Os registros bíblicos  mostram que as fronteiras das demais nações foram estabele-cidas por Deus, levando em conta Israel, o que revela sua centralidade no plano divino.

“Assim diz o Senhor Deus: Esta é Jerusalém! Eu a coloquei no meio das nações, com terras em redor dela.” Ezequiel 5:5

“Para tomar despojos, para arrebatar a presa, e tornar a tua mão contra as terras desertas que agora se acham habitadas, e contra o povo que se ajuntou dentre as nações, o qual tem gado e bens, e habita no meio da terra.” Ezequiel 38:12

“Quem há como o teu povo Israel, única nação na terra que Deus foi resgatar para si por povo, para fazer a ti um nome, e para fazer a teu povo grandes e tremendas coisas, para tua terra, diante do teu povo, que resgataste do Egito, das nações e de seus deuses? Estabeleceste o teu povo Israel por teu povo para sempre, e tu, Senhor, te fizeste o seu Deus.”1 Crônicas 17:21-24

Esses textos reforçam que a existência de Israel é um testemunho vivo da fidelidade de Deus. Por essa razão, o antissemitismo é, em sua raiz, uma expressão do ódio do inimigo contra os propósitos divinos.“ A erva seca, e a flor murcha, mas a palavra de nosso Deus permanece eternamente.” Isaías 40:8

Deus É Fiel Em Suas Promessas!

Como afirmou Werner Penkazki, a fidelidade de Deus a Israel permanece, mesmo quando todas as vozes contrárias forem silenciadas. Israel foi eleito por Deus e não está destinado à destruição, mas à redenção, para a glória do nome de Deus e de Seu Filho, Jesus Cristo.

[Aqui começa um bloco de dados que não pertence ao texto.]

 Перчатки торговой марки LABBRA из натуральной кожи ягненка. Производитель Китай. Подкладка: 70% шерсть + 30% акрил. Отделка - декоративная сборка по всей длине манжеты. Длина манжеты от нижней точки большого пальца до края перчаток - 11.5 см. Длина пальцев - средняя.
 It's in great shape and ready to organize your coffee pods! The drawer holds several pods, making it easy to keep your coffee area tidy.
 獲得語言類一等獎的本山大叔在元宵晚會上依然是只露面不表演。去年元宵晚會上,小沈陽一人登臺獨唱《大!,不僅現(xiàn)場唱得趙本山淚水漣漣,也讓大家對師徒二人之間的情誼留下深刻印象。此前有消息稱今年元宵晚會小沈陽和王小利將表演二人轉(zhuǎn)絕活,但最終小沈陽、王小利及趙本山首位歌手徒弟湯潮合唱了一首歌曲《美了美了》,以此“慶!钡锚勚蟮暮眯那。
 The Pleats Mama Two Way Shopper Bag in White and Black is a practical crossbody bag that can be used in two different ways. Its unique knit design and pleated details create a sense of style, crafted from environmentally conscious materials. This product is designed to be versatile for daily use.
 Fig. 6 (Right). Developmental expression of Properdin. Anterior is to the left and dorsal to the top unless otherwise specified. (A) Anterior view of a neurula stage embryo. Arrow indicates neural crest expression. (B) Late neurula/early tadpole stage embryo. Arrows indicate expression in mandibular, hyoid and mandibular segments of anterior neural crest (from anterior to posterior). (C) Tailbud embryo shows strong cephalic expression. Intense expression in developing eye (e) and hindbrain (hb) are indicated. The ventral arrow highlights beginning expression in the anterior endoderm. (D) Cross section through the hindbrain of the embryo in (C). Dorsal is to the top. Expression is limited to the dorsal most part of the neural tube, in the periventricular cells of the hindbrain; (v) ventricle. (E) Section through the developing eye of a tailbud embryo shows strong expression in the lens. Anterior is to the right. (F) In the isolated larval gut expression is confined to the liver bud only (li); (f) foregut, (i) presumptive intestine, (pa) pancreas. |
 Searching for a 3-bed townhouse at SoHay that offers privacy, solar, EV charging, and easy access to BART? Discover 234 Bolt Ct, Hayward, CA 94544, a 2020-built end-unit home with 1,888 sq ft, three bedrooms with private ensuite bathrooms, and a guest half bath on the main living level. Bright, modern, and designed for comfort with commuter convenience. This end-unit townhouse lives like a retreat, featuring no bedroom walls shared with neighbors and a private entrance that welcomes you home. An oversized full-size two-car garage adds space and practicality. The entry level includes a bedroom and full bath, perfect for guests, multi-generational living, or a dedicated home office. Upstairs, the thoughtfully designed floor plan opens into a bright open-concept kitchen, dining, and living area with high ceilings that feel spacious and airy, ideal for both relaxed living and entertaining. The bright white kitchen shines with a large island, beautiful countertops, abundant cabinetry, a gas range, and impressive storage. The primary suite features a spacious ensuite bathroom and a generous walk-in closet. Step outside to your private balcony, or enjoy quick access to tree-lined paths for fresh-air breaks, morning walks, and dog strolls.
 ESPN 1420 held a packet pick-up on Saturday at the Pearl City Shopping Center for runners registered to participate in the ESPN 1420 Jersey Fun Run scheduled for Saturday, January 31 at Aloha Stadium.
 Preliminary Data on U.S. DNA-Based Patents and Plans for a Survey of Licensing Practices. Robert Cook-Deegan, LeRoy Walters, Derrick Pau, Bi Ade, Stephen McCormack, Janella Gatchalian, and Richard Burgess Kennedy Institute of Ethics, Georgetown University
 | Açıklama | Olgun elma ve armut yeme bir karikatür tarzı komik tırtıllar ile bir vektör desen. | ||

Israel é escolhido de Deus, e não pode ser comparado com os demais nações. Essa escolha permanece eternamente imutável. O nome do Senhor será louvado para sempre porque não abandonou seu povo. “Seca-se a erva, e cai a flor, porém a palavra do nosso Deus subsiste eternamente.” (Isaías 40:8). A prova da fidelidade da sua palavra é o que honra e glorifica a Jesus Cristo.

Mas é justamente no renascer dessa nação, após séculos de dispersão e sofrimento, que vemos o cumprimento de profecias e a fidelidade de Deus em ação. Assim, a criação do Estado de Israel em 1948,e  o retorno de um povo à sua terra prometida foi um marco histórico e profético de grande significado na história de Israel!

Todavia, o antissemitismo continua vivo.

Fontes:

PENKAZKI, Werner. Notícia de Israel, março de 2004, número 3, ano 26, páginas 7 e 8.

Olivia Cattar e Alan M. Tigay. Disponível em: https://www.morasha.com.br/antissemitismo/a-proposito-do-anti-semitismo.html / Acesso em 3 de Abril de 2025

ICE, Thomas. Raul Hilberg e o caminho do Holocausto. Revista notícias de Israel de  fevereiro de 2004, Ano 26, nº 2, p.8.